Il programma di privatizzazione della Meloni è un mix fuorviante di teorie obsolete e politiche fallite. La logica economica alla base della riduzione del debito pubblico attraverso rigide regole fiscali si basa su una visione errata e a breve termine delle finanze pubbliche che ignora l’impatto macroeconomico a lungo termine degli investimenti pubblici orientati agli obiettivi, in particolare la loro capacità di mobilitare capitali privati e stimolare l’economia. . crescita.
La storia economica dell’Italia ne è un chiaro esempio. Gli investimenti pubblici e privati sono diminuiti tra il 2009 e il 2016, e hanno iniziato ad aumentare solo dopo l’aumento degli investimenti pubblici nel 2019. Un recente studio condotto su 21 paesi OCSE supporta questa visione, rilevando che l’aumento degli investimenti pubblici attrae capitali privati.
Il governo italiano ha giustificato le vendite proposte sostenendo che lo Stato manterrebbe il controllo della maggior parte delle società parzialmente privatizzate – ad eccezione di MPS – e che le ridotte partecipazioni dello Stato in Eni e Post sarebbero state compensate dai recenti riacquisti di azioni proprie. Ma questa politica miope esacerba il processo di finanziamento e di fatto nega i profitti diretti e indiretti che potrebbero derivare da una maggiore proprietà statale di aziende redditizie. Sebbene il rapporto tra capitalizzazione di borsa e PIL in Italia sia inferiore a quello degli Stati Uniti e del Regno Unito, è raddoppiato da circa il 20% nel periodo 1960-1990 a una media di quasi il 40% tra il 1990 e il 2020.
Il piano di privatizzazioni della Meloni dimostra la miopia, la mancanza di obiettivi e la mancanza di una seria strategia industriale da parte dell’Italia. Le imprese statali ben gestite possono promuovere lo sviluppo economico e creare ricadute tecnologiche, integrazione settoriale ed economie di scala e di scopo.
Inoltre, le imprese statali possono fornire capitali lentamente e migliorare le capacità tecnologiche di un paese, sia in modo indipendente che attraverso le proprie catene di approvvigionamento. Ad esempio, il governo italiano può sfruttare l’esperienza di Industria Italiana Autobus nella produzione di autobus elettrici per soddisfare l’urgente necessità di un trasporto pubblico municipale sostenibile. Ciò comporterà ingenti appalti pubblici e potrebbe essere integrato in una strategia industriale verde che stimoli la crescita economica affrontando al tempo stesso le sfide nazionali, come il grave inquinamento atmosferico nella Pianura Padana.

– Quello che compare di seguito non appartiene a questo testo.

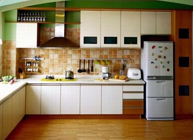 裝修廚房時的一個整體原則就是簡約,風(fēng)格切忌雜亂。直線條的現(xiàn)代風(fēng)格是最好的選擇,簡單明快的線條讓人一目了然,減輕視覺壓力;廚房的色彩一定要單一簡潔,可以高調(diào)也可以淡雅,色彩上也允許略有變化,但無論如何一定要保持色調(diào)的統(tǒng)一,而且要避免過于艷麗花俏。最理想的色調(diào)是單色調(diào)、淺色系,如白色、淺灰色或明亮的奶黃色、淺藍色等,不但明快,而且有擴大空間感的效果。

A dire il vero, le imprese statali italiane non sono sempre state favorevoli al cambiamento trasformativo. In effetti, il loro percorso storico riflette le difficoltà economiche che il Paese sta attraversando. Ad esempio, la crisi energetica degli anni ’70 colpì i produttori di acciaio di proprietà statale, poiché l’efficienza tecnologica e i cambiamenti della domanda portarono a diffusi tagli di posti di lavoro. Poiché i licenziamenti si sono rivelati politicamente tossici, l’intensa concorrenza sui prezzi ha portato a enormi perdite e deficit di bilancio, che hanno aumentato il sostegno statale. Ciò a sua volta ha portato a un’eccessiva influenza del governo e ha suscitato richieste di privatizzazione.
Negli anni ’90, l’Italia ha lanciato il più grande programma di privatizzazione dell’Europa continentale, smantellando gran parte della sua struttura industriale invece di promuovere l’innovazione. Ad esempio, mentre il gruppo di telecomunicazioni STET ha destinato il 2% dei suoi ricavi alla ricerca e sviluppo dal 1994 al 1996, i nostri calcoli mostrano che il suo successore privatizzato, Telecom Italia, ha speso quasi lo 0,4% in ricerca e sviluppo dal 2000 al 2002. Quelli che sono sopravvissuti, come Eni, spesso mancava una strategia industriale orientata alla missione che coinvolgesse l’intero governo.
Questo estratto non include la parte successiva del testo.